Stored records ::

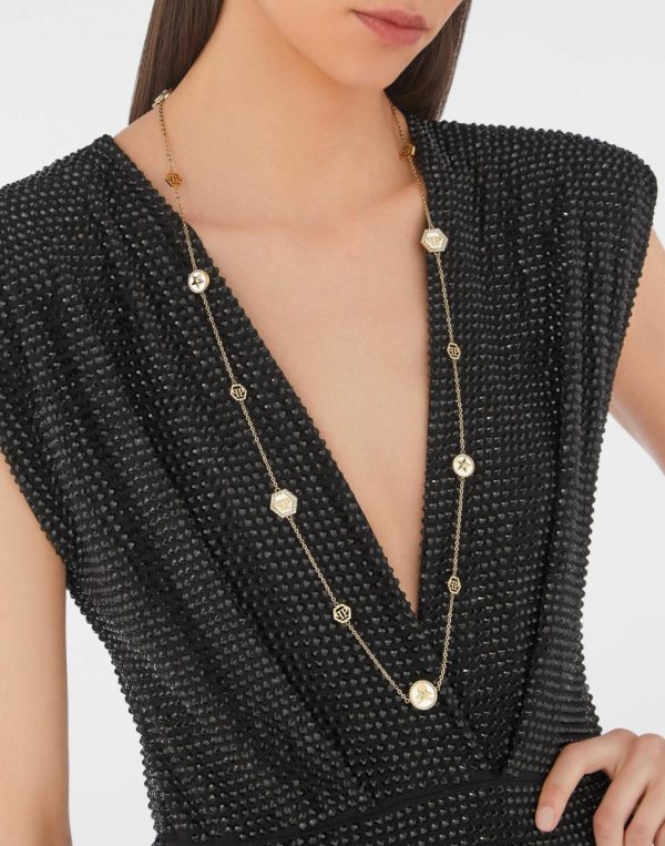 PLEIN MINI LOGO IP Yellow gold sautoir necklace
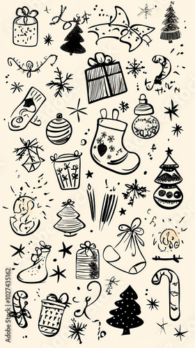Obraz premium Christmas design elements - doodle xmas symbols vector image
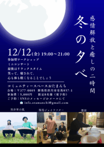 新月の夜、年に4回開催する「冬の夕べ」 今回は都合により新月ではありませんが、12/12(金)に開催します☝️限定8名様のワークショップとミニコンサート♪思い切り笑って、リラックスして、一緒に […]
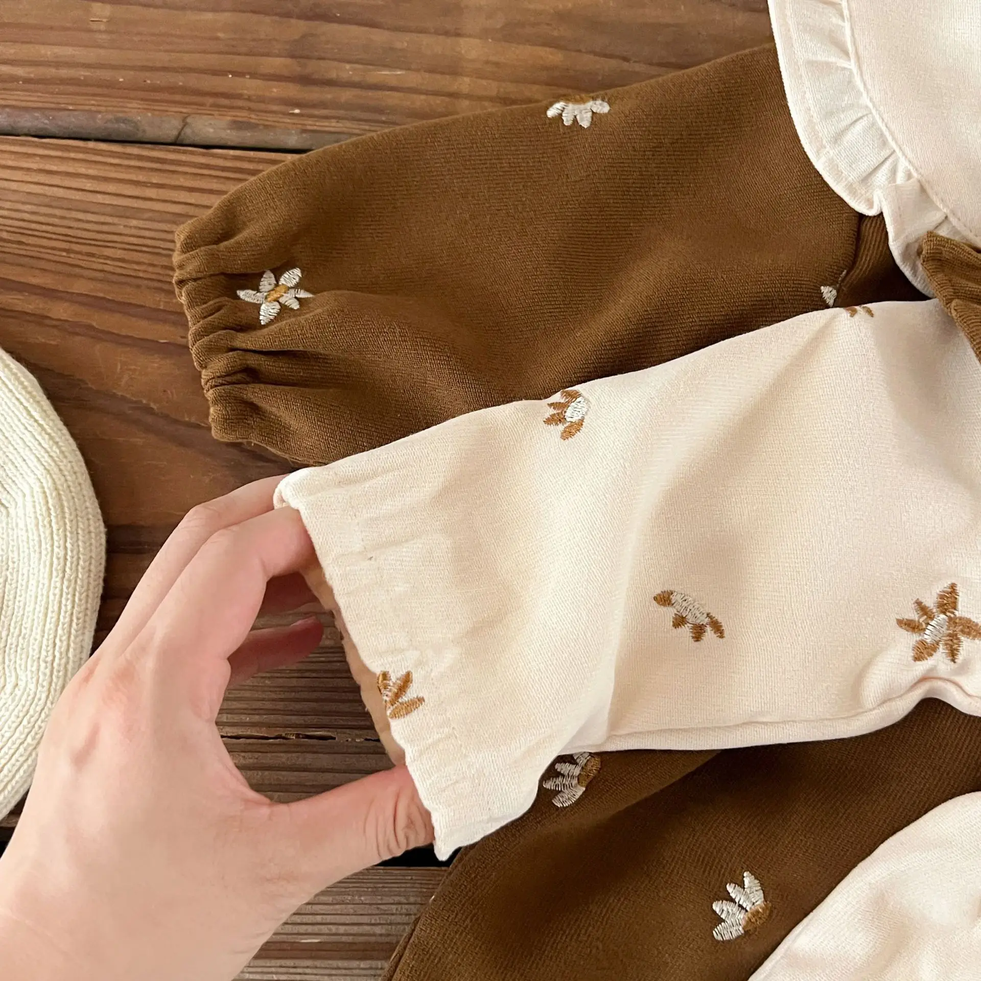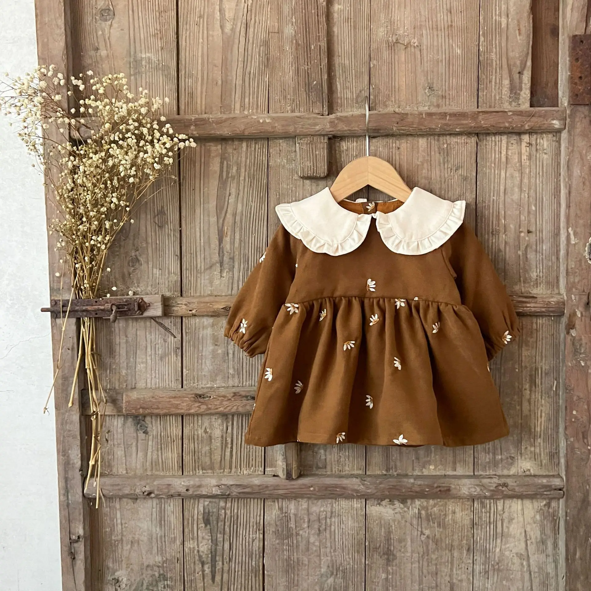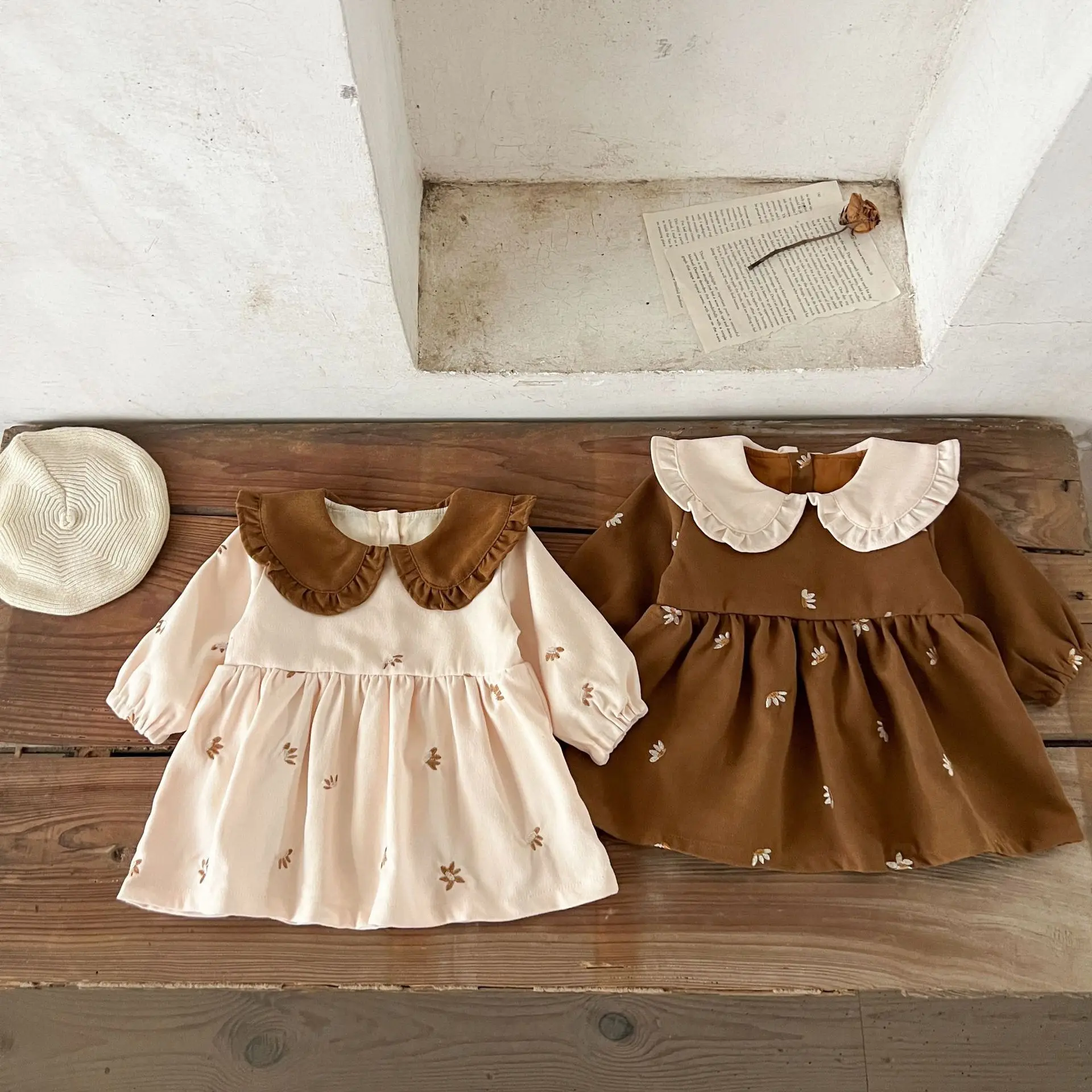 Ins Autumn Infant Baby Girl Dress Cotton Floral Print Long Sleeve Infant Girl Dress Contrast Turn Down Collar Toddler Girl Dress
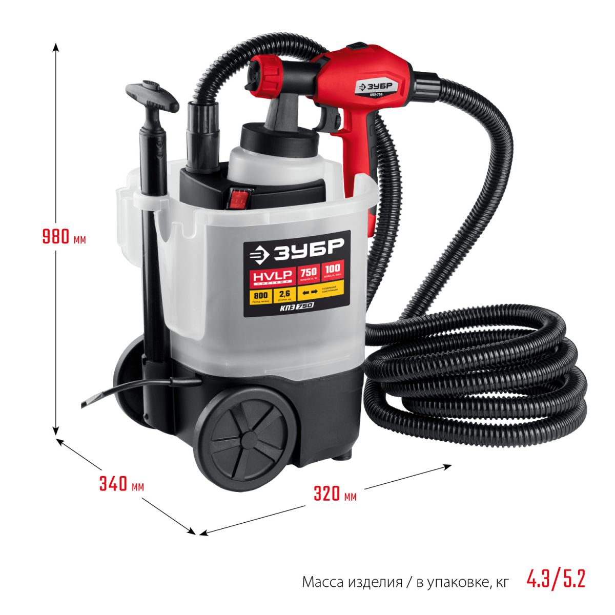 Читать все статьиКраскопульт(краскораспылитель)элект.ЗУБР КПЭ-750,HVLP,0,8л,крас.перен.0-800мл/мин,вяз.100DIN/сек

PROMPT :: Up to and including the line that contains "Ins Autumn Infant", print the records above exactly from their first line, without any pictures.

YOUR SOLUTION ::
 PLEIN MINI LOGO IP Yellow gold sautoir necklace
Obraz premium Christmas design elements - doodle xmas symbols vector image
 新月の夜、年に4回開催する「冬の夕べ」 今回は都合により新月ではありませんが、12/12(金)に開催します☝️限定8名様のワークショップとミニコンサート♪思い切り笑って、リラックスして、一緒に […]
 Ins Autumn Infant Baby Girl Dress Cotton Floral Print Long Sleeve Infant Girl Dress Contrast Turn Down Collar Toddler Girl Dress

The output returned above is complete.